Story of VISIONEERS: Wie fing alles an....

Ihr interessiert euch für VISIONEERS e.V.? Hier könnt ihr lesen, wie alles begann.


Zunächst etwas zu mir:

Mein Name ist Natascha Tepass, ich bin 30 Jahre alt, in Berlin geboren und dort aufgewachsen.

Aber wie kam es nun dazu, dass ich auf die Idee kam, ein Social Startup zu gründen, welches auch noch zum Großteil in Lateinamerika agiert?

Schon als kleines Kind habe ich mich für die Gerechtigkeit anderer eingesetzt und wollte mit dem was ich tue einen Unterschied machen. Mit 28 Jahren hatte ich dann beruflich schon einiges erreicht. Ich hatte ein Studium absolviert, in über sieben Ländern gelebt und gearbeitet, beherrschte vier Sprachen fließend und war mehrere Jahre erfolgreich in der Wirtschaft tätig. Alles lief wie geplant, Außerdem hatte ich schon mein erstes Social Startup in Brasilien gegründet (www.go-brazil.org).
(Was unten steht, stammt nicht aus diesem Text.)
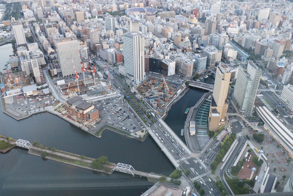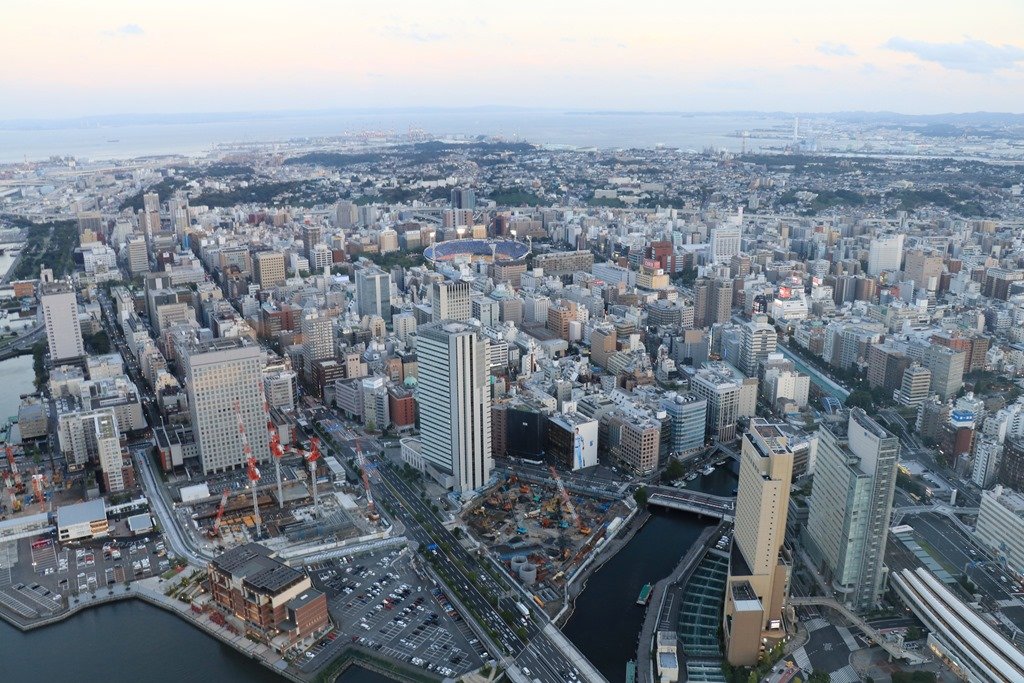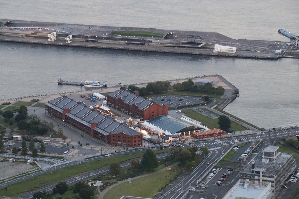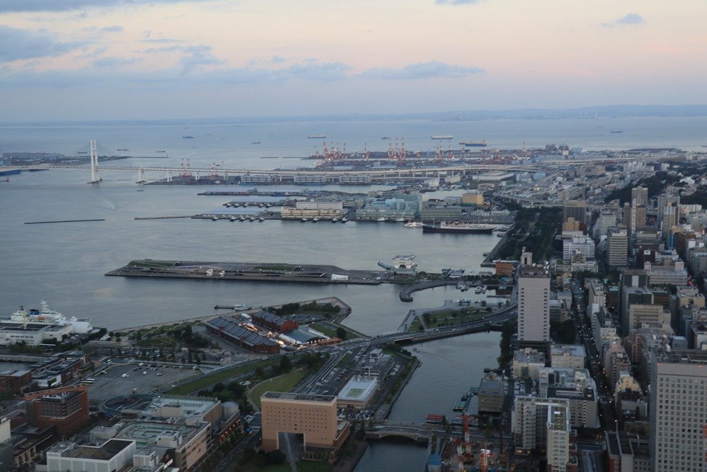 一番奥は本牧ふ頭でクレーン群が見えています。横浜ベイブリッジ、大桟橋、赤レンガ倉庫も見えます。写真を拡大して見て下さい。
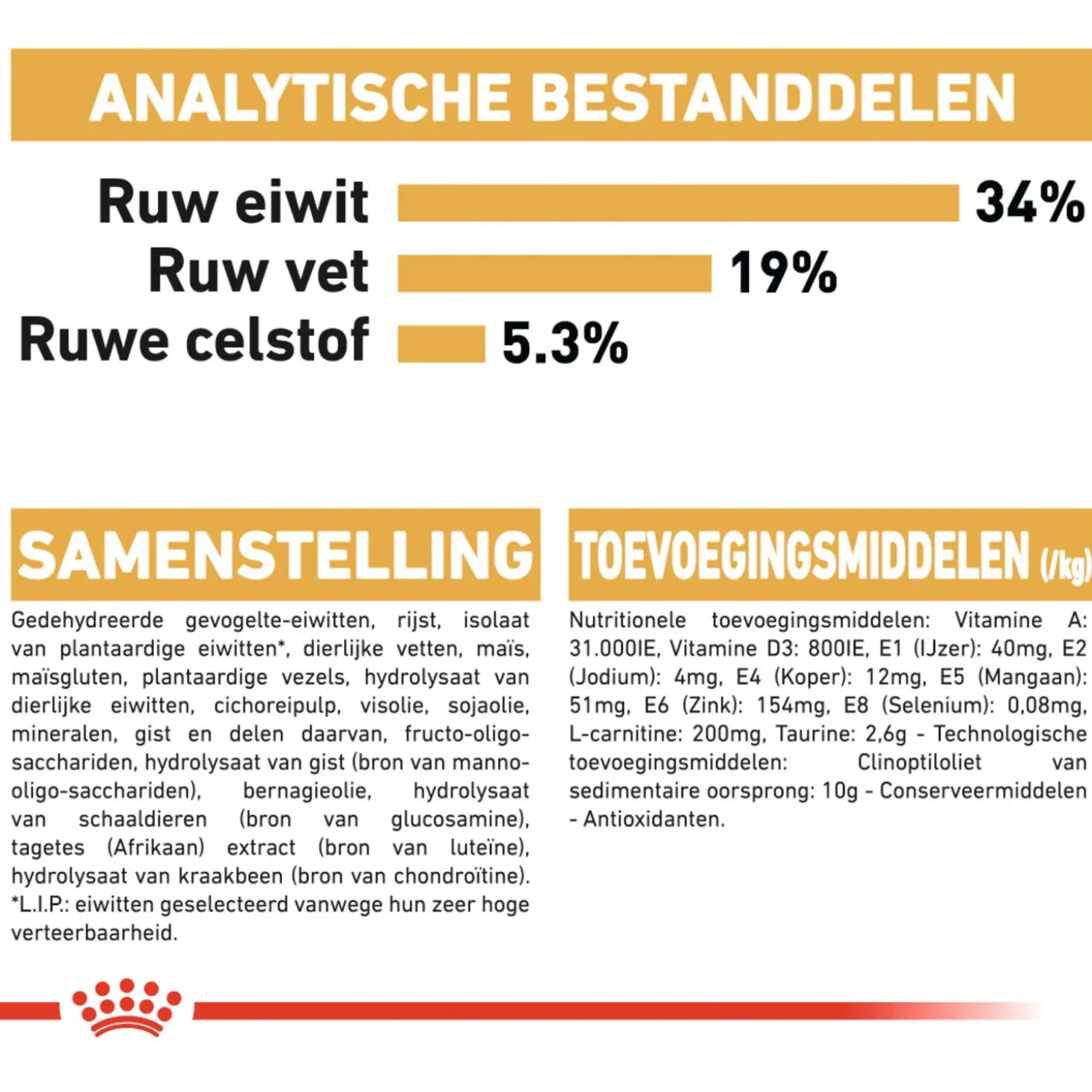 | Samenstelling | Gedehydreerde gevogelte-eiwitten, isolaat van plantaardige eiwitten*, rijst, maïs, dierlijke vetten, maïsgluten, plantaardige vezels, hydrolysaat van dierlijke eiwitten, cichoreipulp, mineralen, sojaolie, visolie, fructo-oligo-sacchariden, hydrolysaat van gist (bron van manno-oligo-sacchariden), bernagieolie, hydrolysaat van schaaldieren (bron van glucosamine), tagetes (afrikaan) extract (bron van luteïne), hydrolysaat van kraakbeen (bron van chondroïtine) *l.i.p.: hoogwaardige eiwitten die zeer goed verteerbaar zijn. |
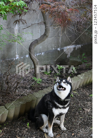 柴犬戶外,抬頭
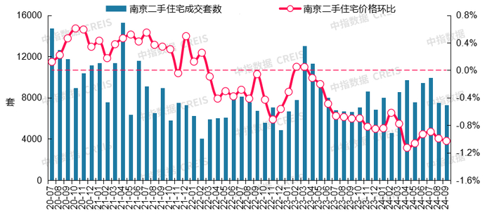 图:2020年7月至2024年9月南京二手住宅成交套数及二手住宅价格环比走势
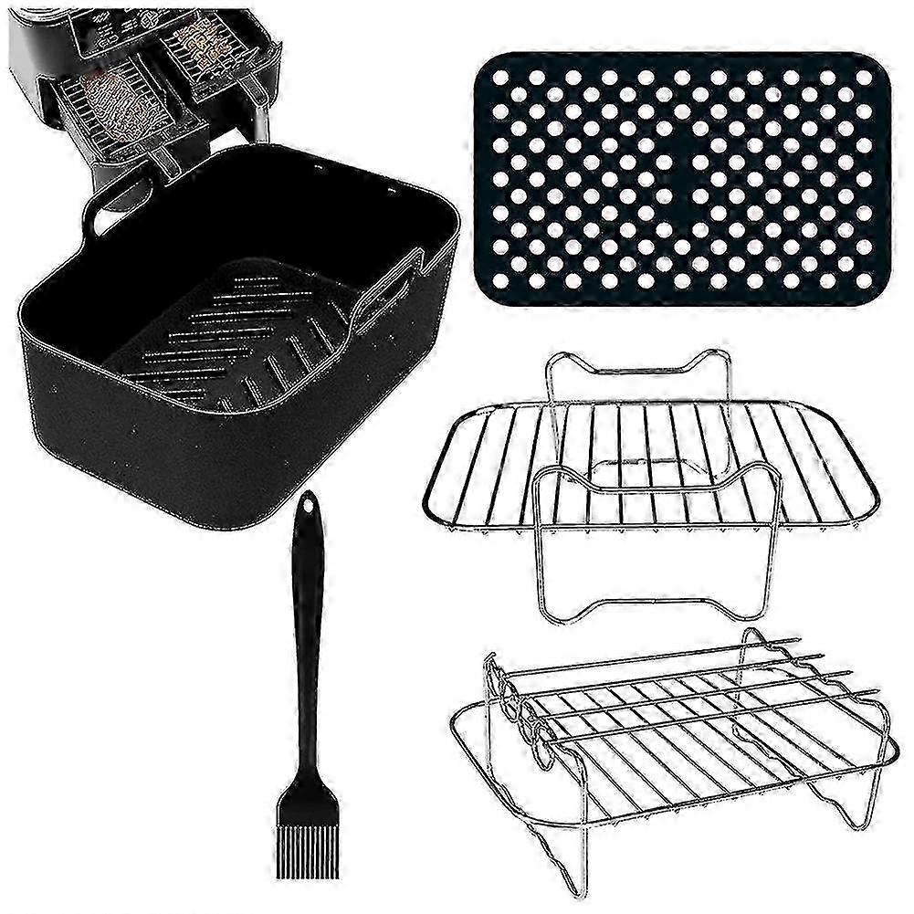 [Design for Dual Zone 7.6L-9.6L]: twin tray Ninja air fryers accessories compatile with Ninja AF300UK 7.6L, AF400UK 9.5L, Instant Vortex 7.6L, Tower T17088, EK4548 8.2L, , EMDAF9LD, , Devology, etc most 7.6L-9.6L dual zone air fryers. [6PCS Dual Basket Accessories]: 1x Silicone Pot, 1x Silicone Liner, 1x Muitl- Rack, 1x Skewer Rack with 4 Skewers, 1x Food Tongs, 1x Silicone Oil Brush. This accessories set helps you the most out of each basket, you can keep it as a thoughtful birthday, holiday gift for and family that adds even more and versatility to their . [Reusable Silicone Liner]: silicone pot is made from 100% food-safe grade silicone. It is withstand temperatures up to 428F and down to -40F. The silicone pot helps to keep the tray from oil and breadcrumbs, save a lot of hassle cleaning the twin tray. pattern design on the bottom allows you to remove residual oil or grease while cleaning. [2PCS Rack]: metal racks are designed for everyday use and , which helps you the most out of each basket, allowing you to fry, and dehydrate at least 4 servings. Both 2 air fryers racks are constructed of food grade sturdy 304 stainless steel while following quality control guidelines and are free of or harmful materials. They can be used at high temperatures and can be used for a long time. [Making a Healthy Eating]: Equipping your with this accessories can not only time, also filter out excess fat. Compared with ordinary frying, it can reduce your fat by 80% and make your diet healthy and less oily without losing the . Colour:Photo Color Material:Stainless steel Package Contents: 1x Silicone Pot 1x Silicone Liner 1x Muitl- Rack 1x Skewer Rack with 4Skewers 1x Silicone Oil Brush Only the above package content, other products are not included. Note: Light reflection and different displays may cause the color of the item in the picture a little different from the real thing. The measurement allowed error is +/- 1-3cm.
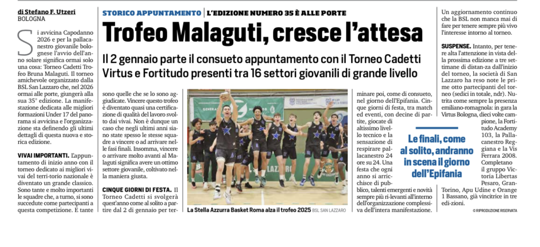 XXXV Edizione Torneo Cadetti - Trofeo Bruna Malaguti: le prime otto partecipanti
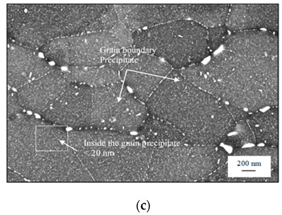 - Larger particles at the grain and subgrain boundaries (size ranging = 100–500 nm);
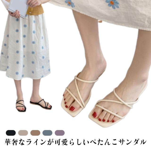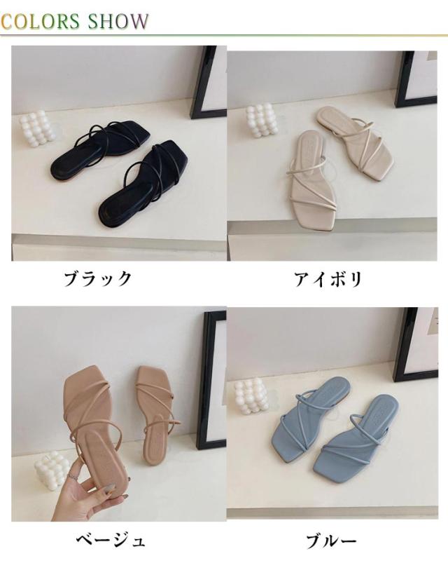人気 レディース 夏 ぺたんこ スクエアトゥ フラットソール ストラップ サマー 歩きやすい お洒落 シンプル 疲れない ビーチサンダル 美脚 ベージュ パープル キャメル ビーチサンダル
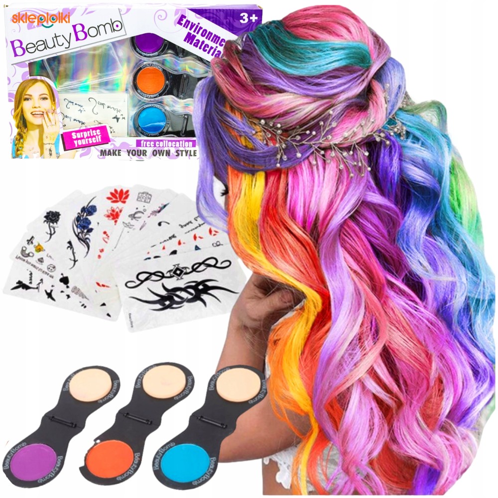 Set de creioane colorate pentru părul copiilor + foaie cu tatuaje lavabile
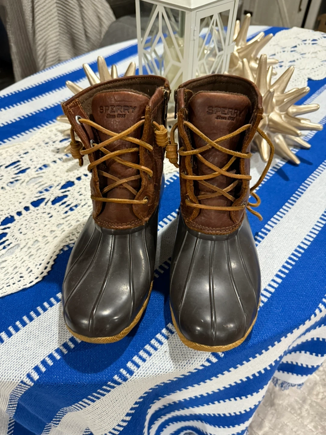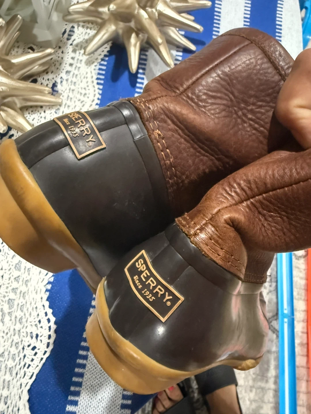 68Selling a pair of Sperry waterproof rubber boots in women's size 7M. These boots are perfect for keeping your feet dry and stylish in wet weather. They feature a classic design with leather and rubber construction.
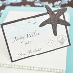 These stylish beach themed place cards have an eco-friendly secret, they are plantable! Part of Event Blossom's Please be Seeded line, these decorative starfish design place cards double as a wedding favor and place card all in one! Each place card printed with a relaxing beach scene also has a brown seed paper starfish attached at the top that guests can easily remove and plant. Instructions on how to plant and a list of flowers are beautifully printed on the back. Each card is also cleverly printed with the phrase "Please be Seeded", sure to spark up some good conversation among wedding guests!
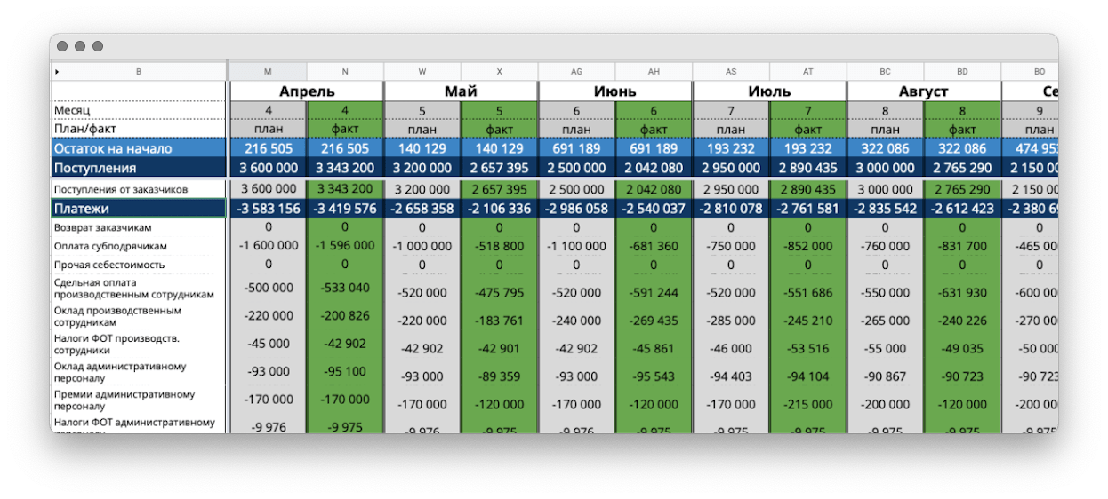 Контроль выбытий. Чтобы авансы клиентов не разлетались на дивиденды и импульсивные покупки для офиса, я внедрила БДДС — бюджет движения денежных средств. В нем мы прописываем, на что компания будет тратить деньги в следующем месяце.
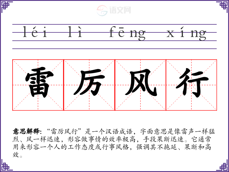 “雷厉风行”是一个汉语成语,字面意思是像雷声一样猛烈、风一样迅速,形容做事情的效率极高,手段果断迅速。它通常用来形容一个人的工作态度或行事风格,强调其不拖延、果断和高效。
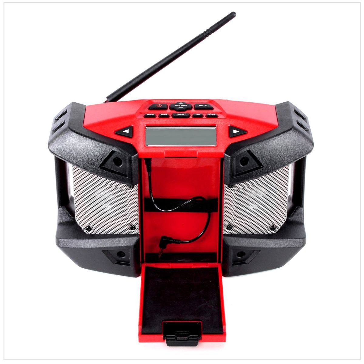 Das M12 JSR-0 Akku Baustellen Radio von Milwaukee überzeugt durch hohe Klangqualität und ein robustes Gehäuse. Die überzeugende Haltbarkeit von Milwaukee schützt die internen Komponenten des Radios mit einem ABS-Kunststoff und Stahl-Konstruktion. Der Betrieb des Radios erfolgt über 12 V Red Li -Ion Akkus oder mit 230 V Wechselspannung. Ausgestattet ist das Gerät mit einem Digitaltuner mit 10 Speicherplätzen. Des Weiteren verfügt das Radio über ein AUX-Kabel, das in einem geschütztem Fach für die sichere Lagerung von MP3-Player untergebracht ist.
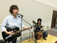 引き続き行われた懇親会では、平山 学長をはじめ教職員も多数参加し、懐かしい先生方や友人、先輩、後輩との思い出話に花を咲かせました。会の途中には、一昨年本学を卒業したアコースティックデュオ「ぽこびー」のライブも披露され、会場は大いに盛りあがりました。
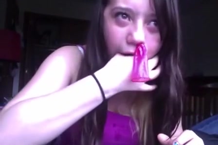 Brunette student wanted to impress her best friends on live webcam so she tried to snort a condom. She immediately puked on the floor.
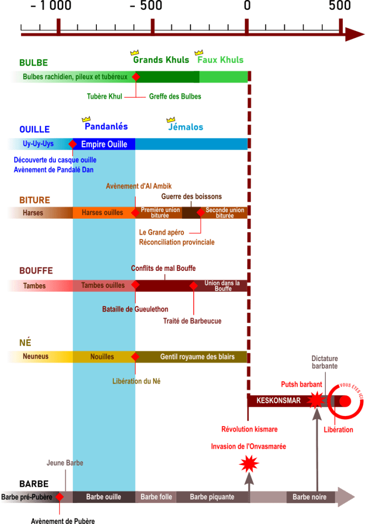 Comme les kismars ne font décidément rien comme tout le monde, ils suivent aussi leur propre calendrier. Il pose l’an 0 à l’irruption volcanique du Piton Monthy. C’était pour vous, les grégoriens, il y a un peu plus de 500 ans. La frise suivante présente les principaux faits historiques kismars. La Barbe ne fait pas partie du pays mais s’est cependant trop mêlée à l’Histoire kismare (en frisant le ridicule) pour s’en retrouver absente.
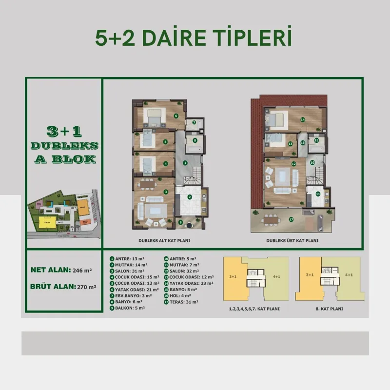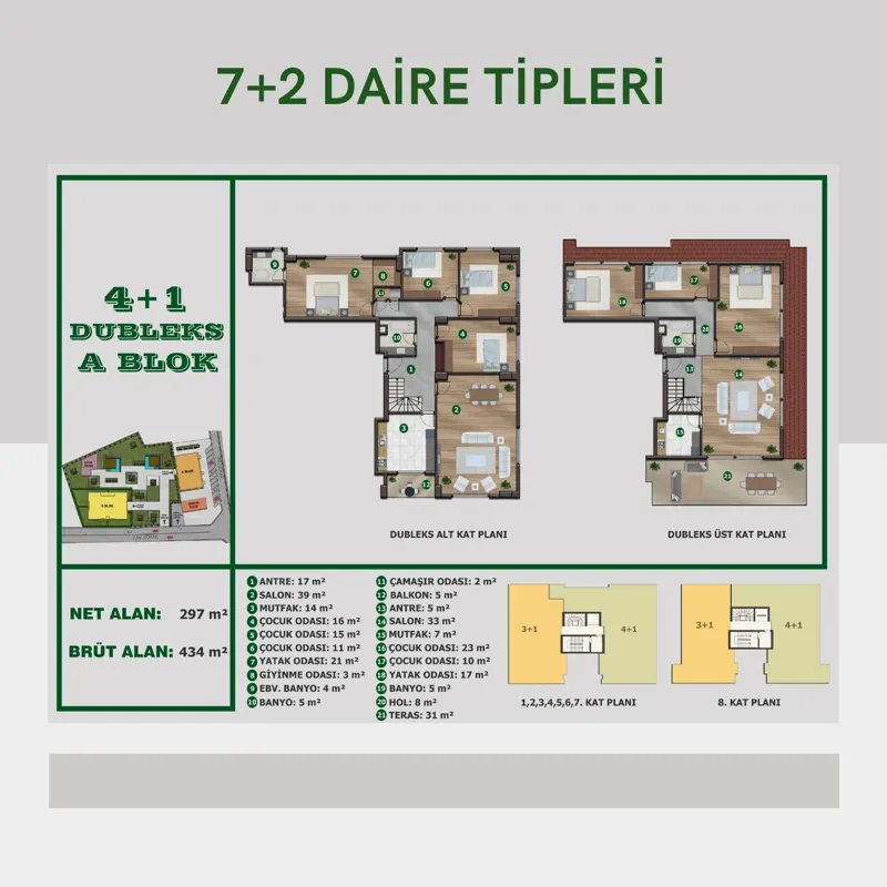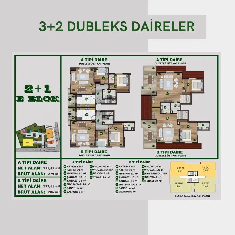 The project is located in Beylikduzu on the European side of Istanbul, it was built on a land of 5000 square meters, and it consists of 2 buildings or residential blocks with a height of 7 and 10 floors, so that the number of apartments in it is 54 apartments offered for sale with options Starting from 2+1 up to 7+2, with areas ranging from 139 up to 410 square meters, there are options for duplex apartments for sale in Beylikduzu.
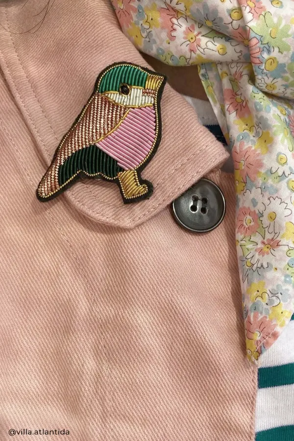 Bijou brodéOiseau vert & rose
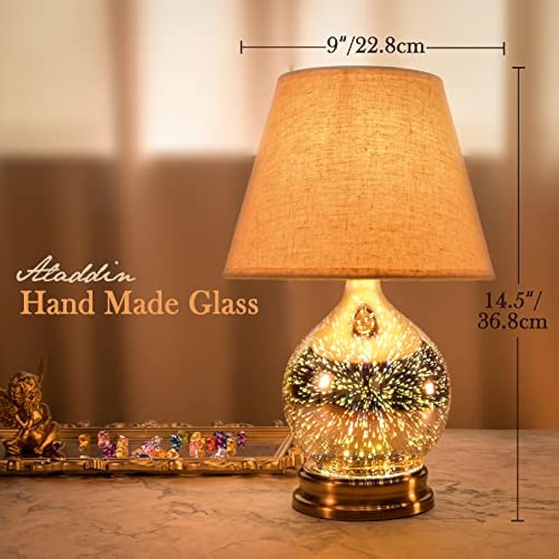 - ★UNIQUE HANDMADE 3D GLASS – The glass base is uniquely hand made by experienced artisans. Table lamp’s diameter is 9.05inch,height is 14.17 inch.

Trotz meines beruflichen Erfolges war ich nicht zufrieden, quälte mich morgens aus dem Bett und erinnerte mich immer wieder an meine Freiwilligeneinsätze in Lateinamerika, wo ich viele Menschen in schwerer Not und Armut kennengelernt hatte. Mich quälte der Gedanke, jeden Tag im Büro festzusitzen und anderen Menschen nicht helfen zu können. Außerdem begegnete ich immer mehr Menschen, die ebenso unzufrieden mit ihrer beruflichen Situation waren und die ihr Know-How und ihre Talente für etwas Sinnvolles nutzen wollten. Mein Wunsch wuchs, Menschen neue Visionen zu schenken, um über den eigenen Tellerrand hinauszuschauen. So entstand nach und nach die Idee ein Social Startup zu gründen.


Anfang 2014 habe ich trotz vieler Kritik in meinem privaten Umfeld meine Arbeitsstelle bei der Botschaft von Chile in Berlin beendet. In meiner freien Zeit habe ich mich dann auf eine Entdeckungsreise begeben: ich habe ein Konzept erstellt, mich auf Förderprogramme für Gründungszuschüsse und Stipendien beworben, NGOs in Lateinamerika besucht u.v.m. Nach monatelanger Vorbereitung war es soweit dann endlich soweit und der Verein VISIONEERS e. V. wurde Anfang 2015 ins Leben gerufen. VISIONEERS e. V. setzt sich für eine Welt ein, in der Individuen ihre Talente effektiv nutzen können, um das Leben anderer nachhaltig zu verändern und den sozialen Wandel mitzugestalten.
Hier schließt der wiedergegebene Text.